The objective of the bachelor's curriculum is to provide students with the mathematical language and terminology, the technique of mathematical proof, mathematical methods, description by use of mathematical models of applied type problems and an independent development of these models in theoretical or/and applied framework, as well as the evaluation skills.

Programme Prerequisites

The applicant is admitted in compliance with the Georgian Legislation. At the same time, students in foreign language must have passed the English language.

Programme Description

The programme follows the ECTS system, 1 credit equals to 27 hours, which includes the contact hours, as well as the hours of independent work. The distribution of hours is presented in the educational plan.
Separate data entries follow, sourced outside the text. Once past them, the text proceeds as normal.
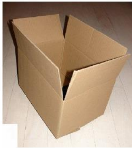
Slika 6. Kartonska kutija

Kartonske kutije imaju široku primjenu, ali u većini slučajeva se one nakon obavljanja transporta odlažu i uništavaju zbog svoje slabe tvrdoće i loše otpornosti materijala od kojih su proizvedene na vlažnost i masu tereta koji se prevozi. Kartonske kutije su dostupne u više dimenzija ovisno o potrebama i namjeni. Ukoliko su kutije uništene fizičkim djelovanjem materijal se naknadno može iskoristiti za reciklažu i proizvodnju novih. Na slici 6. je prikazana kartonska kutija, a na slici 7. je prikazana plastična gajba [7].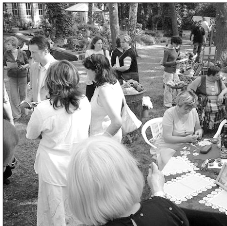
Uczestnicy warsztatów „Powrót do tradycji”

W trakcie warsztatów, twórcy z Milanówka będą prezentować swoje wyroby, a przede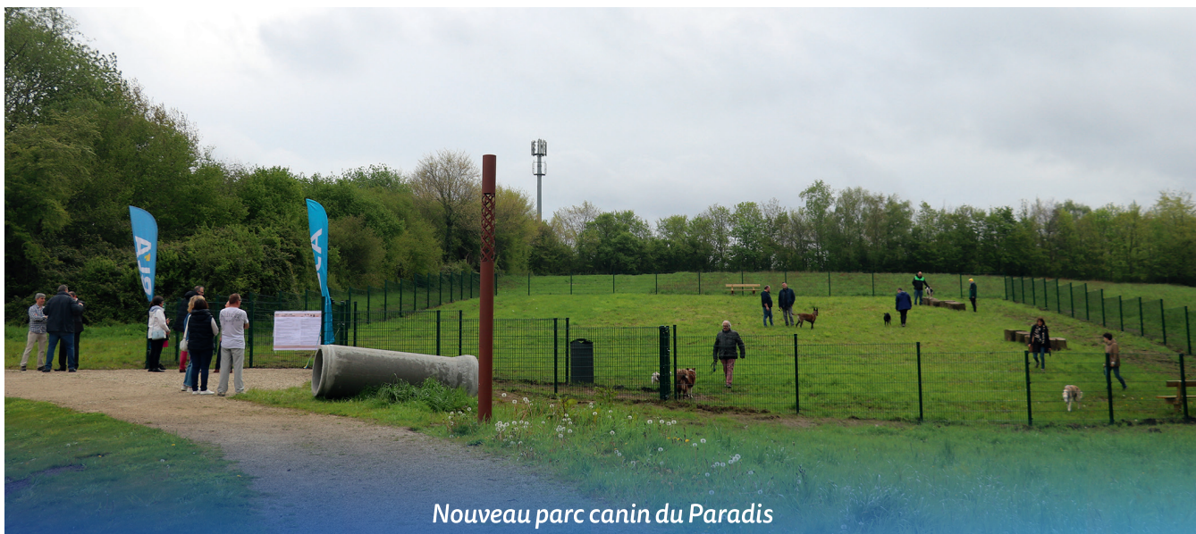
Nouveau parc canin du Paradis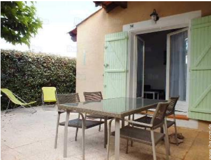
Blick auf Hof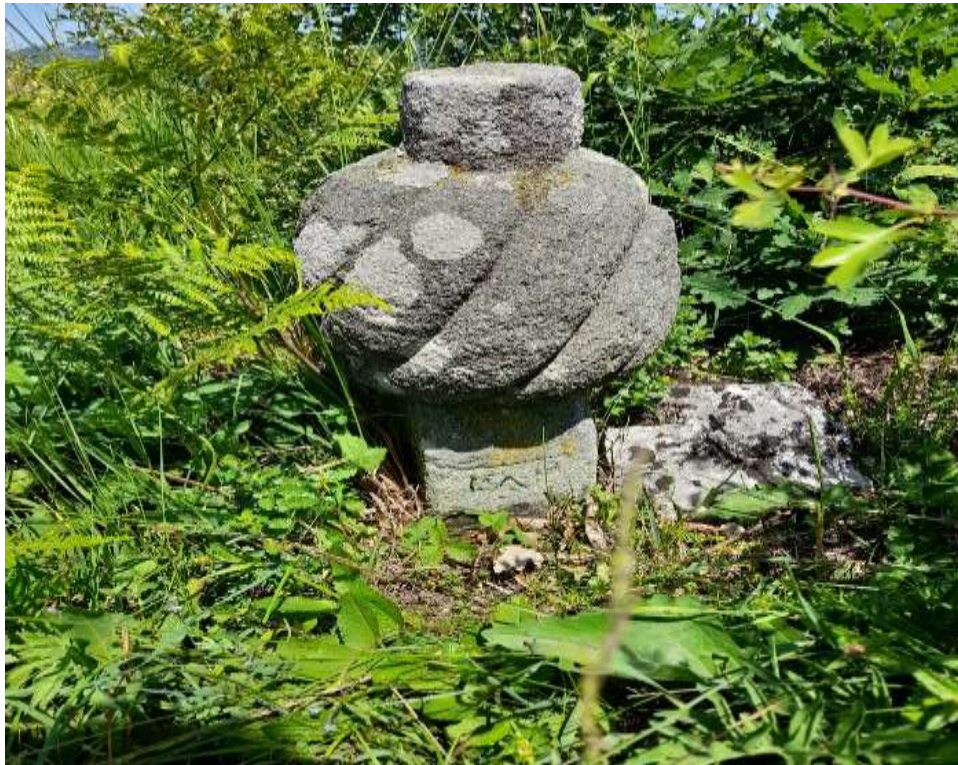
Slika 47. Esnafski nišan iz 1671. godine

Nišan koji zauzima prvo mjesto u analizi nišana s mezarja u Ligatićima jeste onaj iz 1671. godine. Na nišanu je upisana 1082., što bi shodno gregorijanskom kalendaru odgovaralo 1671. godini. Nišan se svrstava u esnafsku kategoriju i ujedno je jedan od najstarijih koji se nalazi na području ovog groblja. Izrađen je od zelenog tufa, a s obzirom da ovo područje ne obiluje ovim materijalom, vjerovatno je riječ o uvozu. Dimenzije ovog nišana nisu evidentirane jer je veći dio utonuo u zemlju.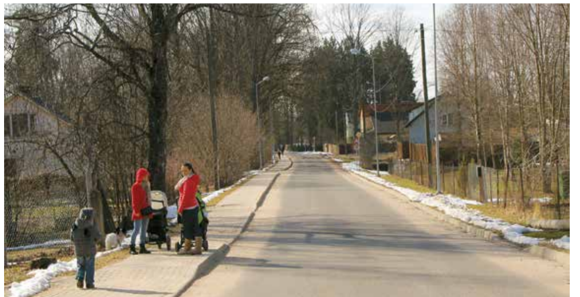
Lauku iela Lielvārdē.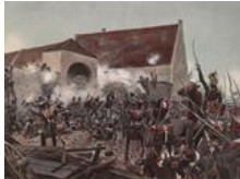
Hannovers große Schlacht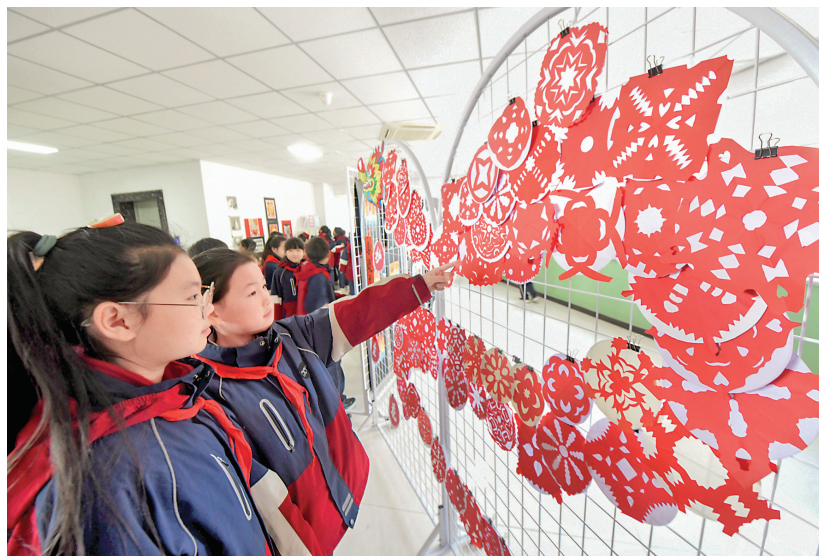
12月26日,河北省石家庄新乐市新华路小学学生在观看“庆元旦·迎新年”学生书画美术作品展览。

但记者采访了解到,多地优化课桌椅配置尚存现实掣肘。“一些地方将此项工作纳入‘民生实事’项目后见效较快,但资金不充裕的地区往往推进较慢。”受访教育人士表示,推动可调节课桌椅、可躺课桌椅进校园仍需加大资金投入。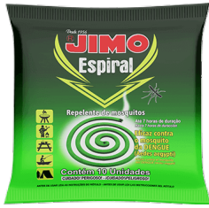
842 JIMO ESPIRAL C/10 CX/12 7896027080025

The duration of the programme is 4 years (8 semesters) and it contains 240 credits.

The annual learning process: (21-21 weeks of two semesters) is distributed as follows: VII and XIV weeks are devoted to intermediate exams; i.e. the learning process and two intermediate estimates will be realized during 17 weeks (I-XVII weeks). From XVIII week till to XXI week (included) are devoted to exams (the basic and additional exams).

The first, second and third annual learning process: during the semester a student learns six subjects, each of them contains 5 credits, which in semester gives 30 credits, in the academic year is 60 credits and in sum gives in whole 180 credits.

In the first semester of the fourth year, student takes six subjects each of them with five credits, in sum gives 30 credits. In the second semester, student can choose six classes from free components again each subject with five credit hours that in sum gives 30 credits.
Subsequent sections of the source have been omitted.